• **Problem description**:
Using the data below, output a verbatim copy of the lines between the one holding "今天切了一塊蛋糕, 喂小不點吃了几口後, 他就愛上了." and the one holding "Reinigen Sie Ihre", inclusive, without any pictures.

──────

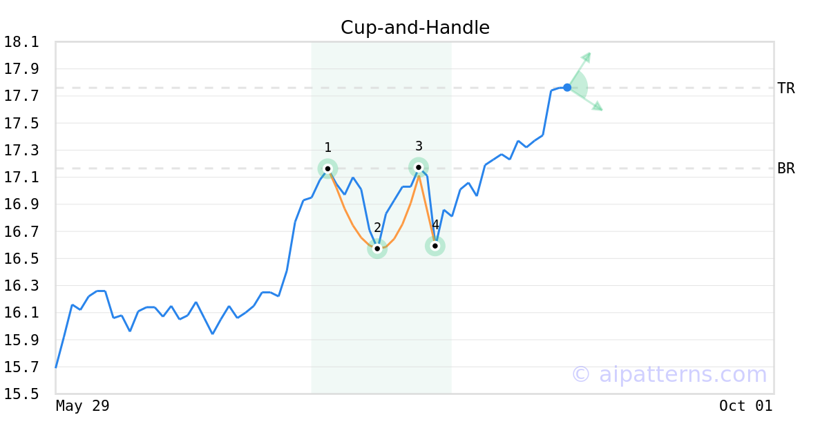 A.I.dvisor detected a bullish Cup-and-Handle pattern for MGLCX stock. This pattern was detected on August 05, 2024 . The odds of reaching the target price are . The Cup-and-Handle (sometimes called Cup-and-Holder) pattern is formed when the price of a security initially declines and then rises to form a “U”-like rounded shape (1, 2, 3, also known as the Cup). Once it forms the right lip, it is characterized by short, relatively straight price decline (from 3 to 4) forming the handle. Consider buying a security or call option at the upward breakout price/entry point. The confirmation move is when the security moves past the breakout price above the right cup lip.
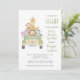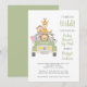Cute baby shower by mail invitation featuring an illustration of baby zoo animals (lion, elephant, zebra, monkey and giraffe) piled into a safari vehicle, "It's About to Get Wild" in fun typography and "Baby Shower" and the name of the mother in a jungle green script. Easily personalise the shower by mail details, change the "It’s a Boy!" text on the vehicle, and add the due date on the license plate, or leave blank.
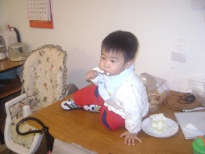 今天切了一塊蛋糕, 喂小不點吃了几口後, 他就愛上了. 他居然會自己從高腳椅上爬上桌偷吃. 真賞臉, 媽媽好高興喔. 下次會再做給你吃的啦……
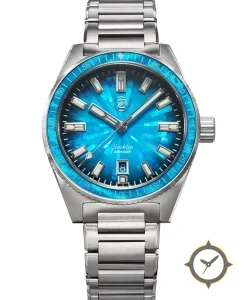 Eine Taucheruhr-Uhr mit einem markanten 48mm Auftritt am Handgelenk, gefertigt aus Edelstahl mit einem Zifferblatt in türkis und einer besonderen "sunburst"-Oberfläche.
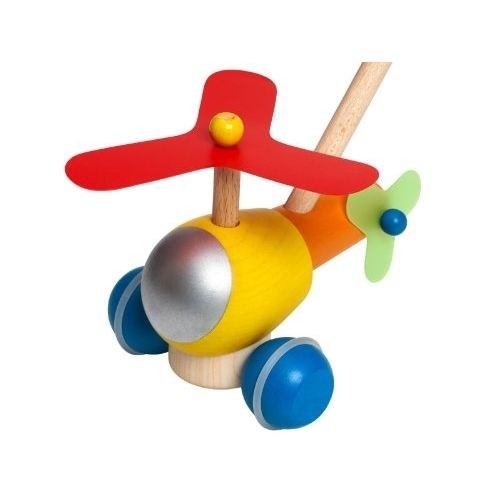 Jouet à pousser HÉLI L'HÉLICOPTÈRE. Avec une hélice pour aller plus vite. Fascinant pour les petits marcheurs : quand Héli l'hélicoptère est poussé, son hélice tourne. Des premiers pas encore plus passionnants! Un jouet premier âge à pousser en bois fabriqué en Allemagne par la société Selecta. Réf : 1657
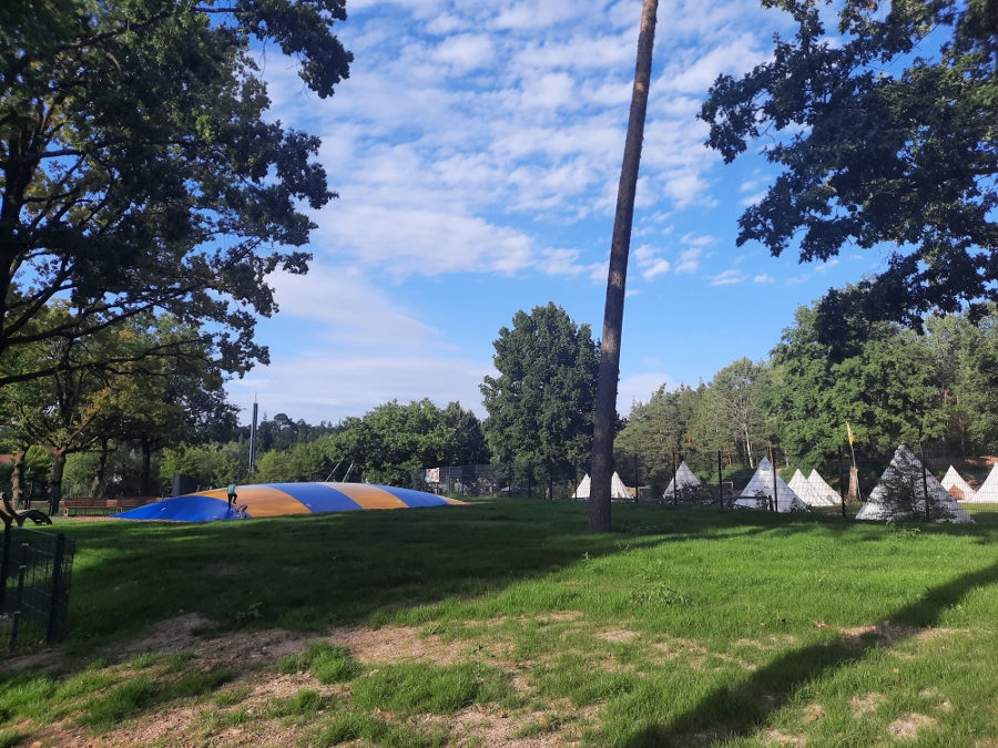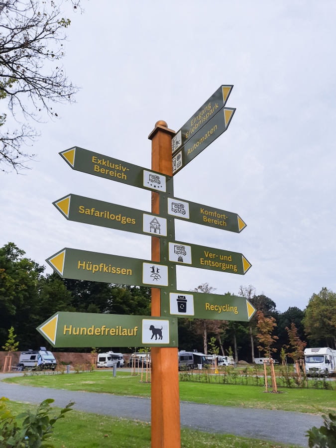 Für die Kleinen gibts im Glamping Park als Zuckerl am Spielplatz noch ein riesiges Hüpfkissen zum Toben und an den Sanitärhäuschen kleine Zwergenhäuschen, die mit lustigen Sprüchen den Gang zur Dusche oder den Abwasch versüßen und die Besucher belustigen.
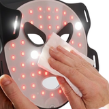 Reinigen Sie Ihre LED-Glow-Maske nach Gebrauch immer gründlich. Für optimale Ergebnisse empfehlen wir, die Maske mit einem Silikon-Reinigungsspray einzusprühen. Befeuchten Sie dann ein fusselfreies Tuch oder Handtuch mit warmem Wasser und wischen Sie alle verbleibenden Rückstände gründlich ab.
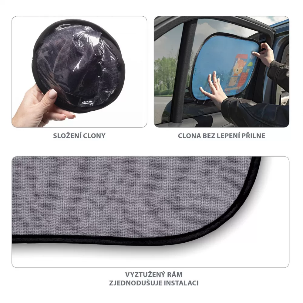 Síťovaná sluneční clona chrání dítě v autě před sluncem. Obsahuje UPF 30+. Její vyztužený rám usnadňuje instalaci a přemísťování. Skládání je snadné a po složení je velmi skladná a šetří místo.
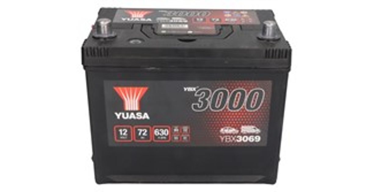 Akumulator YUASA 12V 72Ah/630A YBX3000 SMF (L+ standardowy) 269x174x223 B9 (rozruchowy) - Akud - Akud ja laadijad - Autokaubad - MT Shop

──────

• **Response**:
 今天切了一塊蛋糕, 喂小不點吃了几口後, 他就愛上了. 他居然會自己從高腳椅上爬上桌偷吃. 真賞臉, 媽媽好高興喔. 下次會再做給你吃的啦……
 Eine Taucheruhr-Uhr mit einem markanten 48mm Auftritt am Handgelenk, gefertigt aus Edelstahl mit einem Zifferblatt in türkis und einer besonderen "sunburst"-Oberfläche.
 Jouet à pousser HÉLI L'HÉLICOPTÈRE. Avec une hélice pour aller plus vite. Fascinant pour les petits marcheurs : quand Héli l'hélicoptère est poussé, son hélice tourne. Des premiers pas encore plus passionnants! Un jouet premier âge à pousser en bois fabriqué en Allemagne par la société Selecta. Réf : 1657
 Für die Kleinen gibts im Glamping Park als Zuckerl am Spielplatz noch ein riesiges Hüpfkissen zum Toben und an den Sanitärhäuschen kleine Zwergenhäuschen, die mit lustigen Sprüchen den Gang zur Dusche oder den Abwasch versüßen und die Besucher belustigen.
 Reinigen Sie Ihre LED-Glow-Maske nach Gebrauch immer gründlich. Für optimale Ergebnisse empfehlen wir, die Maske mit einem Silikon-Reinigungsspray einzusprühen. Befeuchten Sie dann ein fusselfreies Tuch oder Handtuch mit warmem Wasser und wischen Sie alle verbleibenden Rückstände gründlich ab.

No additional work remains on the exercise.